For Clarity’s Sake

A) I’ve posted some images relative to my close encounter with a e-felony rap at flickr, of which I’ll link to a couple from here.

B) I’m in Nantucket, Massachusetts, not at my home in Illinois — and I don’t know whether Mass has different state law from Illinois (that’s one reason I asked). However you slice it, my police informant (so to speak) emphasized that this is a federal offense.

The Bench

C) The library was closed at the time, or else I’d have gone ahead in to finish my surfing.

D) The signal was open. I did not use super-h4x0r powers to defeat any form of encryption, protection, or enclosure. If there’s a law against defeating security features, I would understand that. I might not support such a law, depending on how it was written; such a law sounds to me like ill-advised defensive anti-geek legislation, but I would absolutely understand the notion of a law saying that I ought not be permitted to circumvent the library’s security measures if they wanted to prevent me from using their wireless.

Atheneum Exterior

Might this be an obscure, malignant side effect of the DMCA’s anti-circumvention stipulations? Even though I wasn’t circumventing anything?

Three signals in my limited range (TiBooks have notoriously poor reception) had entirely open signals. One was the library’s. Moreover, the library staff evidently knew how to protect a signal, because they manage an encrypted, protected access point, too.

I didn’t hack. I opened my tiBook, and three happy lines appeared, Mail.app started checking my mail, and NetNewsWire posted my entries.

E) This is not a cause for which I’m ready to be a martyr. I’ve got one of those, but this isn’t it.

F) This is what bothers me the most, I think. The officer in question requested — with a grim law-enforcement professional’s demeanor — that I not use my laptop in the vicinity of the library, since that opened the possibility that I might be connecting surreptitiously.

So although it’s legal to use a wifi-capable computer within 100 feet of an 802.11b access point (further for an 802.11g AP), the police feel free to discourage using a computer lest it might pick up an illicit packet.

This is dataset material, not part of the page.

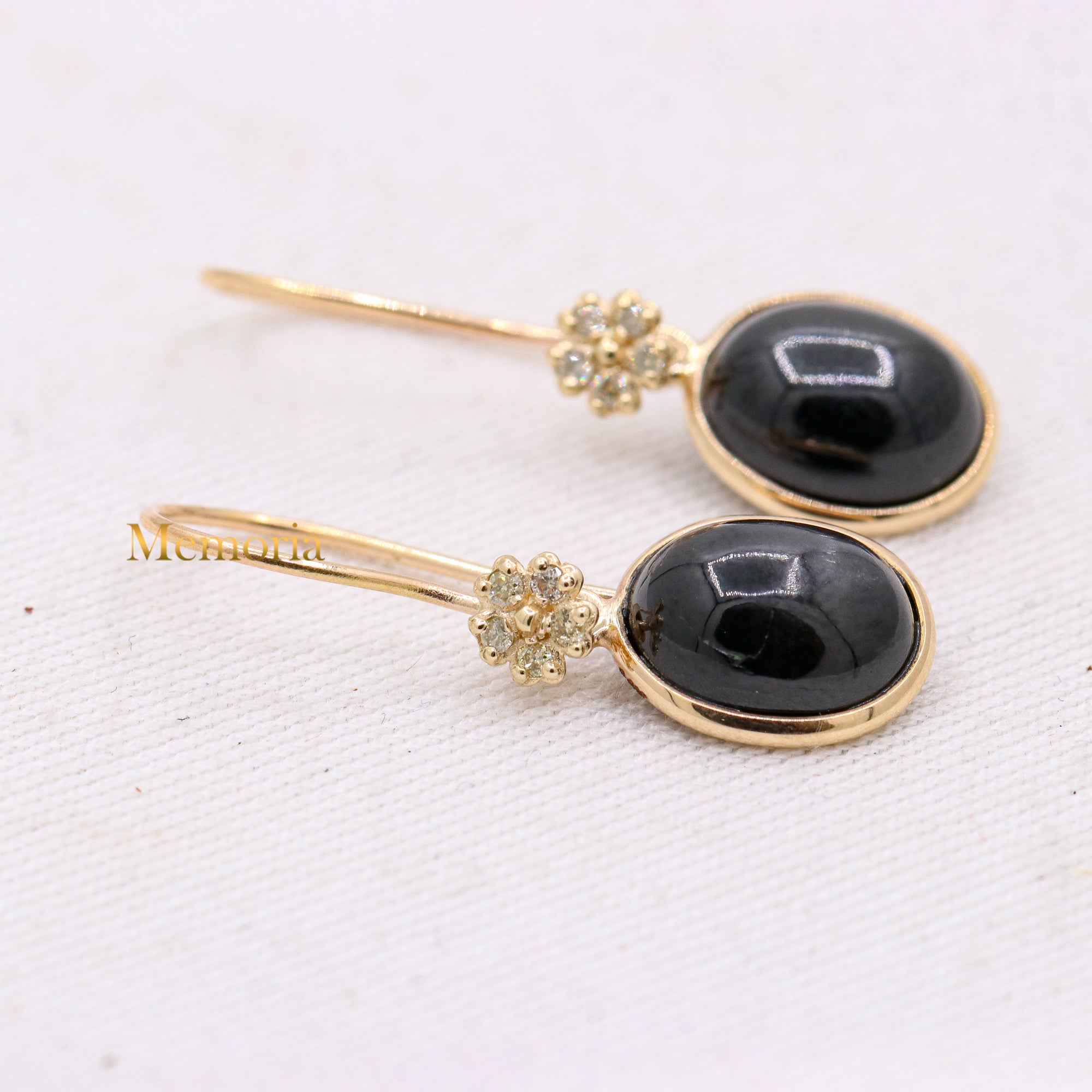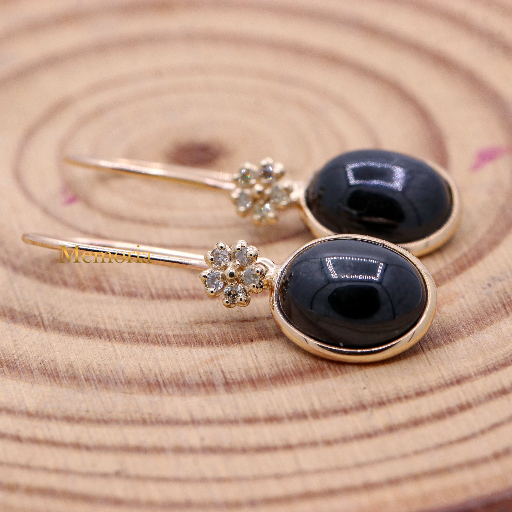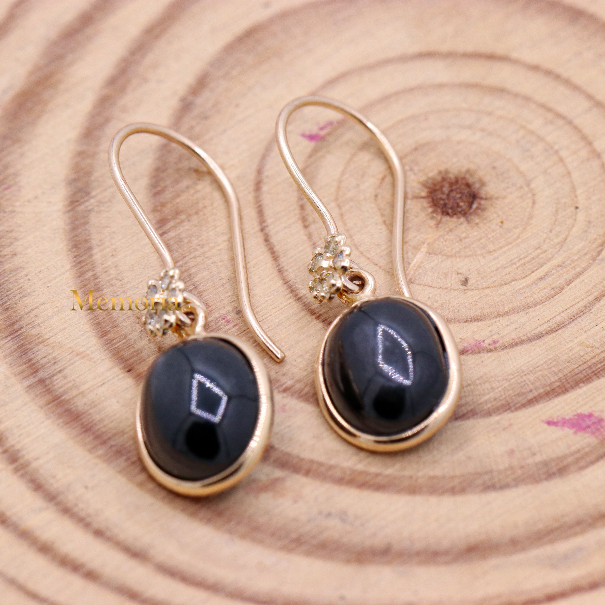 Buy Best Quality Certified Designer Natural Black Star Oval Shaped Cabochon Cut Spiritual Chakra Healing Gemstone Drop Earring In 14k Yellow Gold

If you’re going to take that approach to alw enforcement, though, wouldn’t it be fairer and friendlier to put up “No Laptop Zone” signs? There might be other open wireless signals around town; am I not allowed to operate my laptop in range of any of them? Isn’t this a rather overblown, silly way of effecting the stated goal of protecting access-point owners from unwelcome intrusion and unjust liability?

G) My mom (a local year-rounder) thinks this all may be because John Kerry visits the island (Not an anti-Kerry sentiment, just an observation of the way the Secret Service population fluctuates).

1 thought on “For Clarity’s Sake

  1. Perhaps the constabulary in a town equally famous for the slaughter of cetaceans and for its peculiar meter and rhyming qualities may be forgiven for a humorless misapplication of a nonexistent law. Perish forfend that someone should use a laptop computer in or near a public library.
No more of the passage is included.